What happens when you touch an object with a positively charged object?
Ans: It gets positively charged.
Now, you have connected a semiconductor to a positive end of battery. What do you expect?
Ans: Yes, it gets positively charged.
Will the terminal pull
electrons out of the doped silicon,
or equivalently, inject holes into
it?
Yes, it will.
But the question is to what extent?
You figured it out correctly that undoped silicon is
unwilling to give away electrons,
or accept holes, because that
would rip gaps in the stable
crystalline bonding
I would guess that the p-type block
remains neutral, unlike a copper
block which would take on the
same charge as the terminal.
Think of a comb getting charged when rubbed with hair.
What do you observe?
Ans: You see that charge on comb is localised and do not spread out. The charge don't pass to your hand.
Similarly, the p semiconductor gets locally charged . The point in direct contact with battery gets charged and remaining remains uncharged.
Extent of positive charge and effective distance depends on strength and voltage of battery.
Now, when you connect it to negative potential
This will give you similar result but with little increased magnitude of negative charge on it as it has a lot of holes to be occupied.
I think to understand why holes are the preferred "thinking tool" for p-type semi-conductors one must understand the following concepts:
- In a crystalline materials there are so-called energy bands which define the possible relationships between an electron's energy and its (crystal) momentum "k".
That is, there is a function $E(k)$ which defines the set of possible energy states which may be present in a crystal.
In a semiconducting material there is a gap in the band structure such that there are energy levels which electrons may not possess (they are forbidden in a sense).
The energy-momentum relationship can be approximated as parabolas just above and below the energy gap (i.e. the band gap).
The parabola approximating the energy band just above the gap is pointing up / concave up. The parabola just below the gap is pointing down / concave down.
The average velocity of an electron can be expressed as:
$$v(k) = \frac{1}{\hbar}\frac{\partial E(k)}{\partial k}$$
- The current density associated with a single band is then calculated by adding up the contributions from all electrons.

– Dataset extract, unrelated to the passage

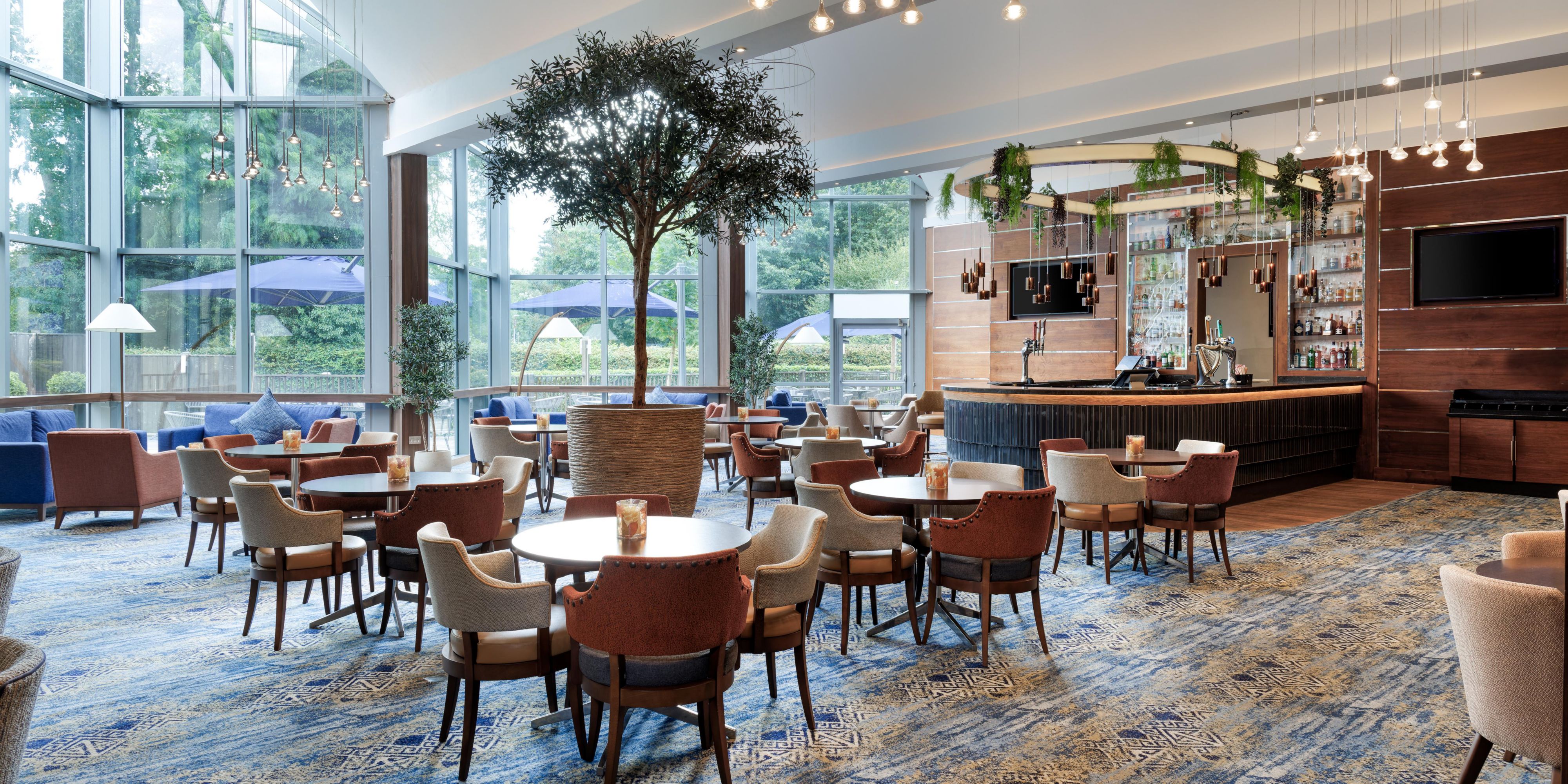 The Olive Grove offers a relaxing space to unwind, stay updated with the latest news, enjoy Sky Sports on large flat-screen TVs, or host casual meetings. Our outdoor heated terrace is ideal for socialising. We serve a variety of wines, international beers, spirits, and tempting cocktails. The extensive menu includes a range of informal dishes, including traditional favourites, available all day. Plus, you can enjoy a Starbucks Coffee to complete your experience.

$$ j = (-e)\int_{occupied}\frac{dk}{4\pi^3}v(k)$$
Here the flag occupied means to integrate over only those states which electrons occupy.
- In general, the relationship $E(k)$ is a complicated function and thus not very straightforward to manipulate mathematically. However, it is possible to show that the current density integral is mathematically equivalent to the following integral:
$$ j = (+e)\int_{unoccupied}\frac{dk}{4\pi^3}v(k)$$
The reason this simplification is important is that in the valence band (i.e. the band below the band gap) electrons fill almost all the states except those near the top of the band (i.e. the unoccupied states). However, as previously mentioned the function $E(k)$ can be represented by a downward facing parabola at the top of this band. Thus a previously intractable integral becomes "trivial" as one only needs to integrate a quadratic equation. This is a very key point: it is mathematically much simpler to consider that the current density is due to fictitious positively charged particles which 'occupy' the top of the valence band instead of considering the mathematical equivalent, but non-fictitious, fact that the electrons present in valance band occupy almost all the valence band states except those near very near to the top of the band.
Finally, to answer the posed question: why are the unoccupied states (i.e. holes) treated as the predominant charge carriers.
In a p-doped material, the doping atoms such as boron "accept" electrons present in the crystal. These electrons, generally speaking, are taken from the valence band thus leading to a state where more holes are present in the valance band than in the pure semiconducting material.
Also in this conception of semiconductors, it is incorrect to say that only electrons move. When an electron moves, if it moves to a previously unoccupied state (i.e. a hole), the hole must have moved as well. Actually, as @Matt indicated, the motion of electrons and holes under an electric field follow identical trajectories. This occurs because electrons in the upper part of the valence band move as if they had negative mass and thus in the opposite direction of an applied force.
So to conclude:
It is more mathematically convenient when calculating the current density to treat the valence band as being filled only with positively charged particles called "holes" which have energies near the top of the band. Though, in reality, the valence band is almost completely filled with electrons except near the top.
For p-doped semiconductors, atoms which accept electrons are added. The electrons picked up by these atoms are typically taken from the valance band and thus more "holes" are present than would be otherwise. Thus there are more holes in the valence band than electrons in the conduction band. Therefore upon the application of an electric field, the holes will be the dominant charge carriers.
Best Answer
No, Boron still bonds to 4 Si atoms. Since Boron has only 3 valence electrons, it can only form three covalent bonds with Si. This leaves one of the four silicon atoms with an unsatisfied bond. To compensate, a nearby electron (from an Si-Si bond) will "jump" to complete the B-Si bond leaving the Si-Si bond with a net positive charge (the hole). To fill that broken bond, another nearby electron will jump to fill in the vacancy etc... Thus the "hole" is highly mobile and can conduct when a voltage is applied. The Boron atom does become negatively charged, but that additional negative charge cannot conduct because it takes place in the bonding.